The data
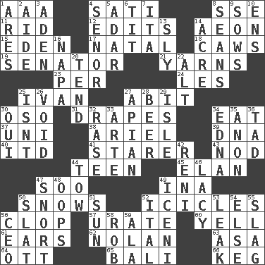 ACROSS 1. American Automobile Association (abbr.) 4. Suttee (variant) 8. Compass dir. 11. To free from 12. Proofreads 14. Age 15. Locale of original sin 17. Brizilian seaport 18. Crow sounds 19. Legislator 21. Tall tales 23. For each 24. French article 25. _ the terrible 27. "This won't hurt ____!" 30. Bear (Spanish) 31. Window treatments 34. Ingest 37. Corn or form start 38. Satellite of Uranus 39. Heredity factor (abbr.) 40. It would 41. A viewer who gazes fixedly 43. Dreamland 44. Adolescent 45. Liveliness 47. "Barney Miller" actor Jack 49. _ tizzy (2 wds.) 50. Overwhelms 52. Winter's stalactites 56. Hoof sound 57. A salt of uric acid 60. Shout 61. Hearing organs 62. Pitcher Ryan 63. White ___ sheet 64. Baseball player Mel 65. Indonesian resort city 66. Barrel DOWN 1. Ancient Greek god of war 2. Helper 3. Arabian gulf 4. Sir (Sp.) 5. The sixth month of the Jewish calendar 6. Teat (slang) 7. Call ___ day 8. Actors Connery and Penn 9. Sty mamas 10. Followers of ems 13. Secret 14. 43,560 square feet 16. California wine valley 20. Be inclined (to) 22. The first octave above the treble staff 25. Is not 26. Null 27. Bee-related 28. Fermented drink made from hops 29. Small island 30. Fr. "Yes" 32. Raze (variant) 33. Johnson of "Laugh-In" 34. Pulitzer Prize-winning author Ferber 35. At once, immediately (arch.) 36. Small boy 42. Painter Guido (1575-1642) 44. Pull behind 46. Made of lace 47. Derisive sound 48. I made a mistake 49. Ancient Celtic tribe of eastern Britain 50. Narrow board 51. Player for Phoenix 52. Slanted text style (abbr.) 53. Path through which fluid escapes 54. Otherwise 55. Volcanic refuse 56. Corporate head (abbr.) 58. Director Reiner 59. Insect wing
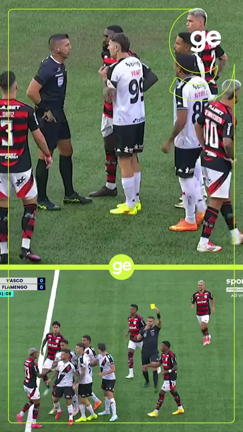 MAS JÁ? 🔥🔥 Jogadores de Vasco e Flamengo fazem um bolinho e discutem muito após falta para o Rubro-Negro. Árbitro Bruno Arleu chega para acalmar os ânimos. Wesley foi o principal alvo da discussão. #kwaisports
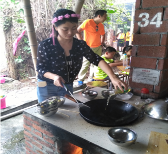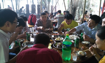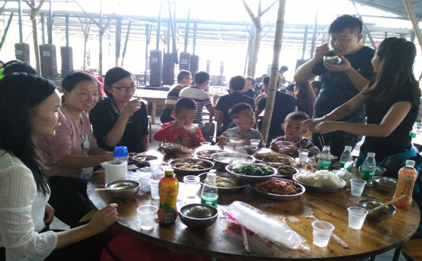 一起分享集體協(xié)作的成果,雞,魚(yú),蝦,排骨等等,對(duì)了,還有餃子,像魔法一樣呈現(xiàn)在大家面前,話不多說(shuō),趕緊大快朵頤,下午還有更精彩的行程等著我們!
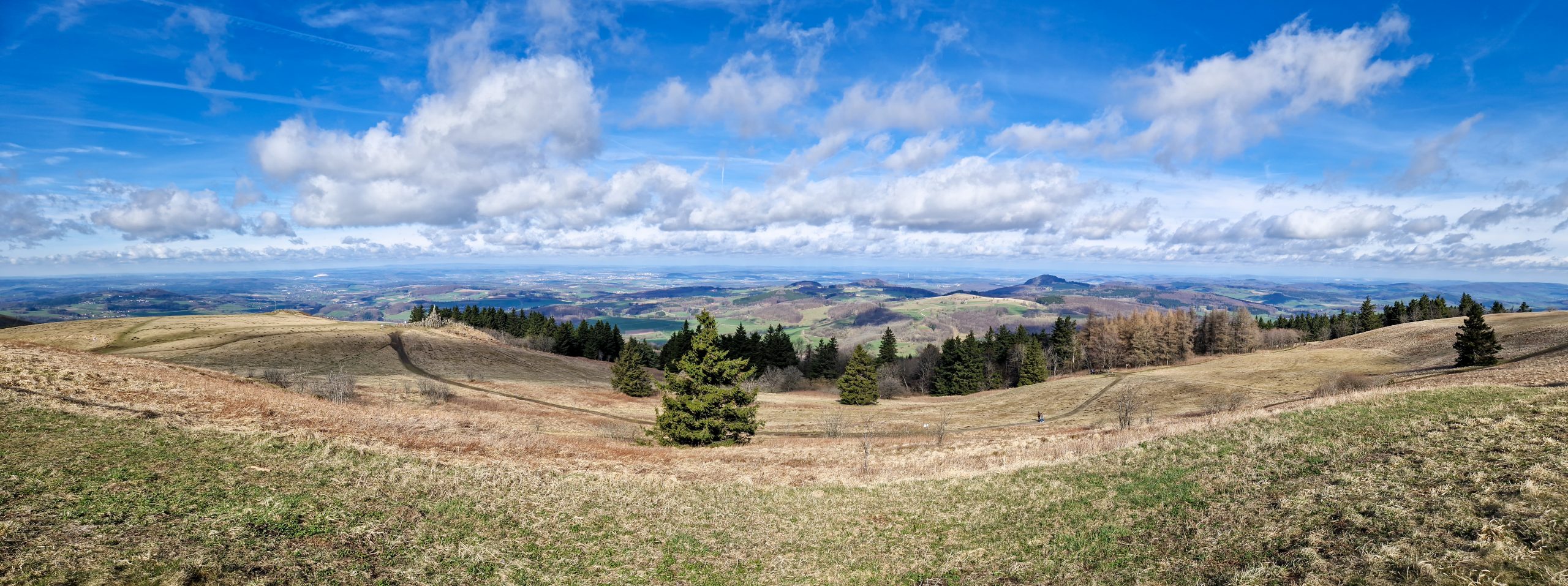 Der Ausblick vom Gipfel ist beeindruckend: An diesem windigen Tag mussten wir uns allerdings festhalten, um nicht weggeweht zu werden. Von hier oben war mit Sicherheit bereits unser nächstes Ziel, das Schwarze Moor zu erkennen, sofern wir in die richtige Richtung geblickt hätten.

Task to complete
Transcribe every line from the one containing "MAS JÁ? 🔥🔥 Jogadores" to the end of the listing, exactly and exclusively. Do not carry any picture over.

Task solution
 MAS JÁ? 🔥🔥 Jogadores de Vasco e Flamengo fazem um bolinho e discutem muito após falta para o Rubro-Negro. Árbitro Bruno Arleu chega para acalmar os ânimos. Wesley foi o principal alvo da discussão. #kwaisports
 一起分享集體協(xié)作的成果,雞,魚(yú),蝦,排骨等等,對(duì)了,還有餃子,像魔法一樣呈現(xiàn)在大家面前,話不多說(shuō),趕緊大快朵頤,下午還有更精彩的行程等著我們!
 Der Ausblick vom Gipfel ist beeindruckend: An diesem windigen Tag mussten wir uns allerdings festhalten, um nicht weggeweht zu werden. Von hier oben war mit Sicherheit bereits unser nächstes Ziel, das Schwarze Moor zu erkennen, sofern wir in die richtige Richtung geblickt hätten.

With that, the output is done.